We need not decide, however, whether application of the Santana analysis to the facts of this case is a new theory which cannot be raised for the first time on appeal, as we have concluded that even if the arrest did not occur *37until the officer was well inside the apartment, his entry and the arrest were justified by exigent circumstances.
The order of dismissal is reversed.
Barry-Deal, J., concurred.
But see State v. Penas (1978) 200 Neb. 387 [263 N.W.2d 835]; State v. Niedermeyer (1980) 48 Ore.App. 665 [617 P.2d 911]).

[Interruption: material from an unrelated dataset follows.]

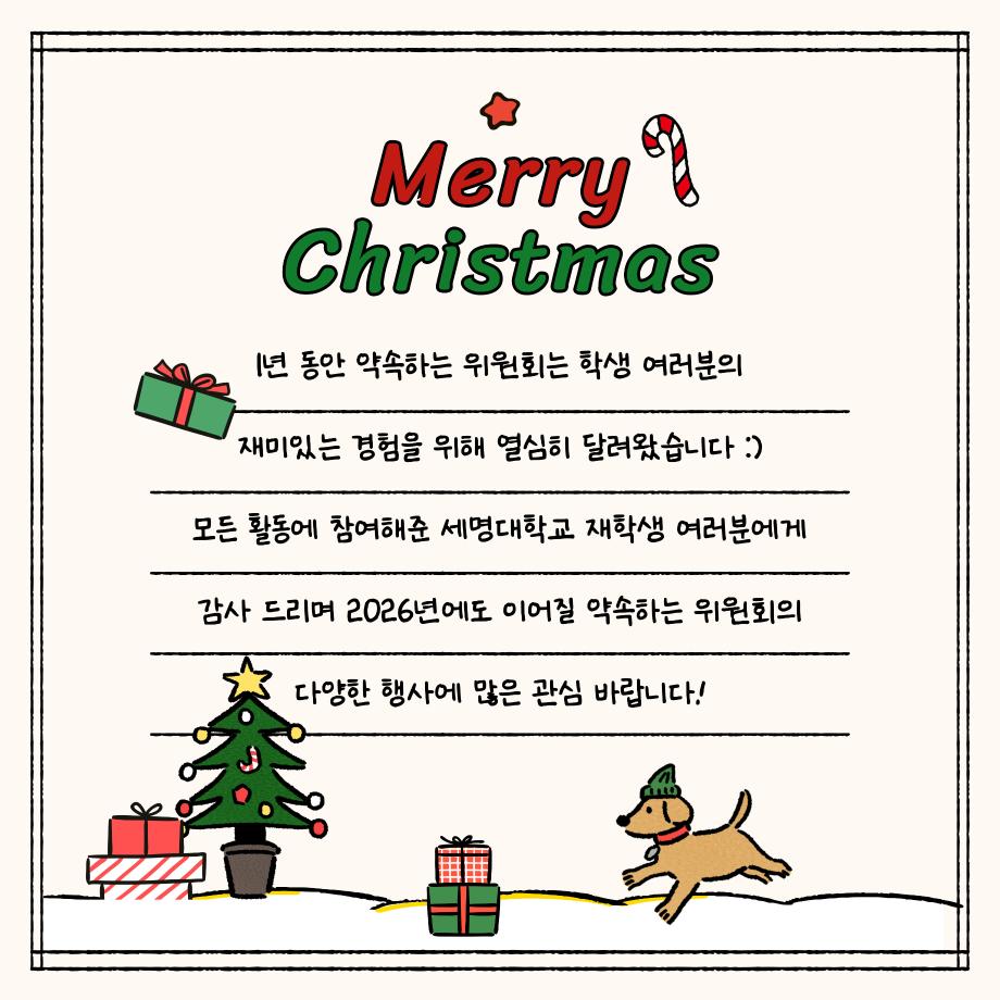 본문 시작 홈으로 포토갤러리 학생위원회 개요 학생위원회 소개 공지사항 활동결과 홈페이지가이드 포토갤러리 페이스북 트위터 프린트 [약속하는,생각하는 위원회] 세명파티시에 학술정보원 177 2025-11-17 안녕하세요 재미있는 경험을 위한 학생위원회 '약속하는 위원회' 입니다! 약속하는 위원회 행사인 세명 파티시에 활동이 성황리에 마무리 되었습니다 :) [세명 파티시에 행사 결과] 일시: 2025년 11월 11일(월) ~ 11월 12일(화) 장소: 도서관 1층 로비 행사 참여자: 85명 1년 동안 약속하는 위원회와 함께 해주셔서 감사드리며, 추후에 이어질 약속하는 위원회 활동에도 많은 관심 바랍니다!! 목록 이전[꽃피는 위원회] 꽃 돌려라 피어라 다음 [생각하는 위원회] 담당부서 : 장학복지팀 담당자 : - 연락처 : 043-649-1142 최종수정일 : 2024-10-26 만족도조사 만족도 조사 이 페이지에서 제공하는 정보에 대하여 만족하시나요? 매우만족 만족 보통 불만족 매우불만족

The United States Supreme Court recently held that a person subjected to custodial interrogation is entitled to Miranda warnings whether the offense being investigated is a felony or a misdemeanor. The court reasoned that police are often unaware when they arrest a person whether he has committed a felony or a misdemeanor. The nature of an offense may depend on circumstances unknowable to police at the time, such as whether the suspect has previously committed a similar offense; it may depend on events yet to happen, such as whether the victim of an accident dies. It would be unreasonable to expect police to make guesses as to the nature of the criminal conduct at issue before deciding how they may interrogate a suspect. (Berkemer v. McCarty (1984) — U.S. —, — [82 L.Ed.2d 317, 329, 104 S.Ct. 3138].) The court’s discussion in Berkemer further undercuts respondent’s argument that there is such a clear line between felonies and misdemeanors that a warrantless entry to arrest for a misdemeanor is always prohibited and never justified by exigent circumstances.